In support of the trial court decision, Doherty asserts that a conscious, but an extremely intoxicated defendant, who was unable to perform the simple test required in a breath test, should be classified in the same category as an unconscious defendant for purposes of the implied-consent law. The evidence also shows, however, that when requested to take the test at the police station, the defendant requested time to think it over. We are of the opinion that a man who requests time to think over whether to take a breathalyzer test, and then agrees, should not be classified in the same category as someone who is unconscious.

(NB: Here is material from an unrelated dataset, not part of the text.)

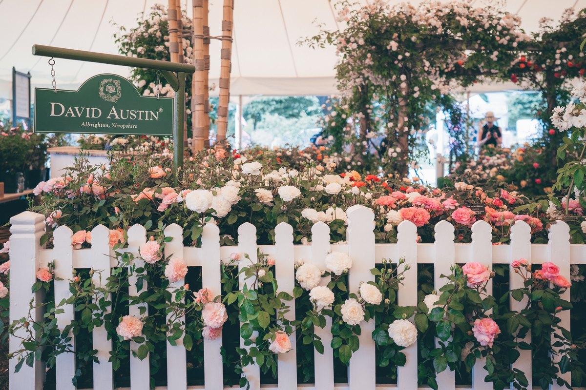 En la selección de rosas inglesas que se incluyen en este jardín de exhibición, tienen un papel destacado variedades como Emily Brontë, Olivia Rose Austin, Desdemona y Susan-Williams-Ellis; en forma de árbol, la Tranquility Standard Tree Rose y hasta Eustacia Vye y Gabriel Oak, las dos nuevas adiciones a la colección de rosas inglesas de David Austin.

While it is undisputed Doherty initially consented to the test, he also, however, failed to ultimately comply with the officer's instruction so as to complete a test that yielded blood-alcohol readings. (People v. Naseef (1984), 127 Ill. App.3d 70.) Other jurisdictions have also considered such conduct in a similar context to constitute a refusal. See Poag v. Powell (1979), 39 N.C. App. 363, 250 S.E.2d 93 (failed to give sufficient air sample); Woolman v. State Department of Motor Vehicles (1976), 15 Wn. App. 115, 547 P.2d 293; and Turner v. State Department of Motor Vehicles (1975), 14 Wn. App. 333, 541 P.2d 1005 (failure to blow enough air into machine after consent).
• 3 In light of the foregoing authority and the evidence presented, we conclude that defendant's conduct was a refusal to submit to a breathalyzer test for purposes of the Illinois implied-consent statute, and, thus, the finding of the trial court was against the manifest weight of the evidence. In this case the defendant presented no evidence, aside from his intoxication, that he was physically unable to take the breathalyzer test (see People v. Reynolds (1985), 132 Ill. App.3d 559), and, as we discussed previously, the evidence showed that defendant's intoxication should not have prevented him from performing the simple task required, contrary to defendant's assertion.

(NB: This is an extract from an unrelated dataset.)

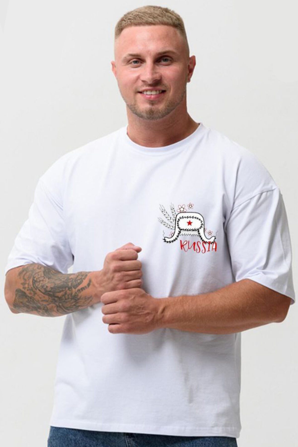 8579 футболка оверсайз мужская НАТАЛИ, белый+ушанка

In any case, it is the prime purpose of the implied-consent statute to provide objective evidence of the offense of driving under the influence of intoxicating liquors. (People v. Malloy (1980), 83 Ill. App.3d 344, 347.) If a defendant may circumvent the requirements of the statute by failing to complete the test because he is intoxicated, the purpose of the law would clearly be emasculated. (See People v. Schuberth (1983), 115 Ill. App.3d 302, 305.) Furthermore, to suspend the driving privileges of a person who is so intoxicated he cannot even respond to an officer's request to submit to a breathalyzer test (People v. Carlyle (1985), 130 Ill. App.3d 205), yet to fail to suspend the license of a person who is so intoxicated he ultimately does not complete the test, would lead to the absurd result of exempting from the statutory coverage the precise class of persons the drunk drivers whom the implied-consent statute was intended to determine and remove from our highways. State v. McElwain (1972), 81 Wn.2d 624, 496 P.2d 963.
Accordingly, the judgment of the circuit court is reversed and the cause remanded to the circuit court for the entry of a finding that the defendant refused to submit to the breathalyzer test.
Reversed and remanded.
NASH, P.J., and UNVERZAGT, J., concur.